Search code examples
pandaspytorchtypeerrortensor

Converting a pandas dataframe to a pytorch tensor


I am trying to convert a pandas dataframe read from a CSV file to a pytorch tensor, but am getting a type error.

I tried doing this:

    df = pandas.DataFrame({"spam": [1, 2, 3, 4], "eggs": [5, 6, 7, 8], "ham": [9, 10, 11, 12]})
    print(type(df))
    t = torch.from_numpy(df.values)

    dataframe = pandas.read_csv('dataset.csv')
    print(type(dataframe))
    tens = torch.from_numpy(dataframe.values)

This works perfectly for df, but throws a type error for dataframe

TypeError: can't convert np.ndarray of type numpy.object_. The only supported types are: float64, float32, float16, complex64, complex128, int64, int32, int16, int8, uint8, and bool.

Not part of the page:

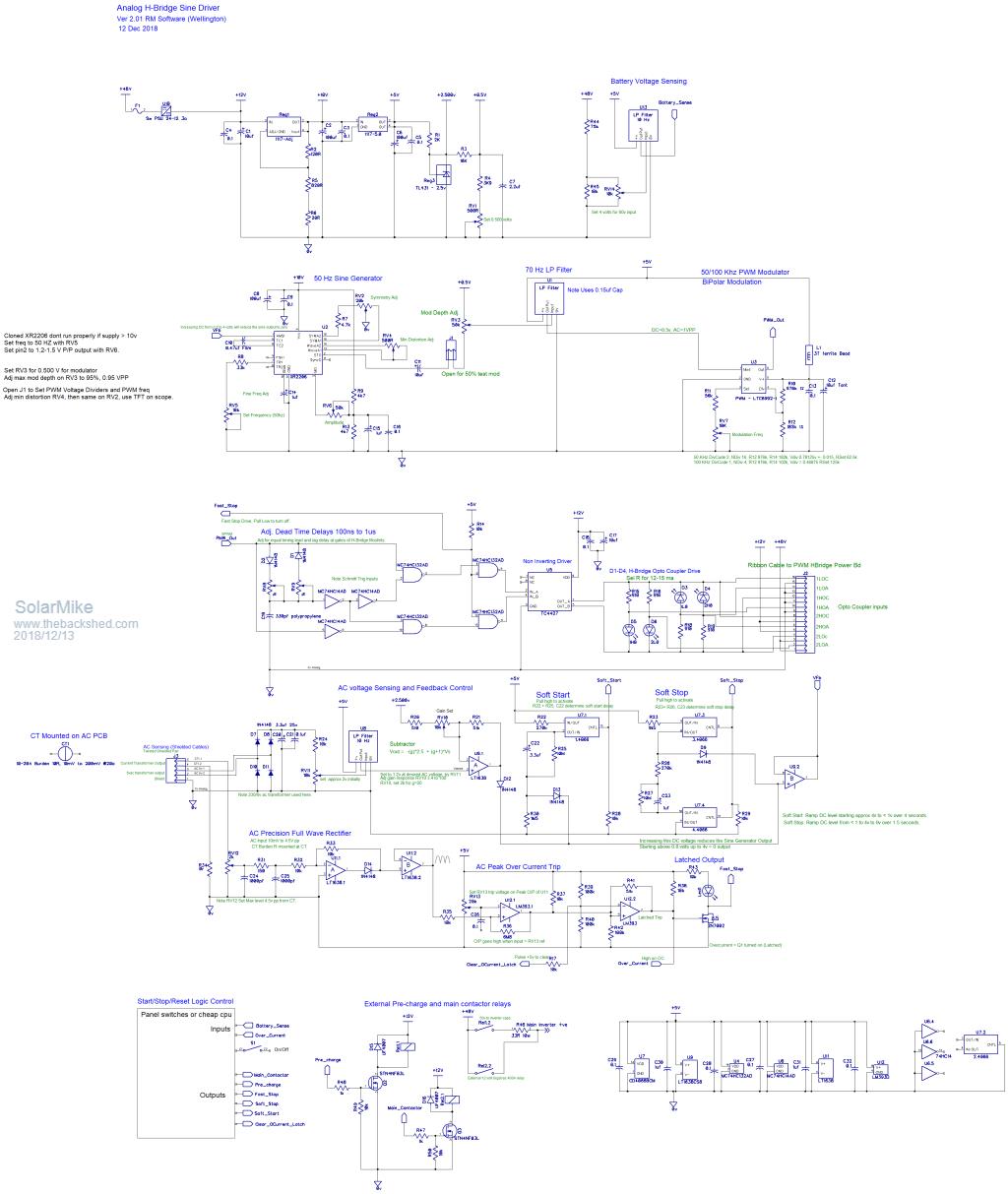 Sine output is feed into a precision modulator chip to produce infinitely variable sine based PWM, this can be used for Bi-Polar drive of the H-Bridge, in my case via opto-couplers. The carrier frequency can be set to any value within limits, I will be using 50 or 100Khz so the chokes are kept reasonably small.

Both the types are exactly the same

<class 'pandas.core.frame.DataFrame'>

What could be going wrong?


Solution

  • This issue usually arises when your DataFrame contains non-numeric or mixed types. The .values attribute returns a NumPy array, but PyTorch expects a specific type.

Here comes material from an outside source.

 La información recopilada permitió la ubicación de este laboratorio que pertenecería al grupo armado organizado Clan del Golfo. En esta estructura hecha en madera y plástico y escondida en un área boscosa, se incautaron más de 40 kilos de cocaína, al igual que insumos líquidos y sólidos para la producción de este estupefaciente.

    1. Check DataFrame dtypes: print(dataframe.dtypes). Make sure all are numeric.
    2. Convert non-numeric columns: dataframe = dataframe.astype(float) or selectively convert columns.

    Try something like this:

    # For specific columns
    dataframe['some_column'] = dataframe['some_column'].astype(float)
    
    # For all columns
    dataframe = dataframe.astype(float)
    
    # Then convert to tensor
    tens = torch.from_numpy(dataframe.values)
    

    Make sure the conversion is meaningful for your application.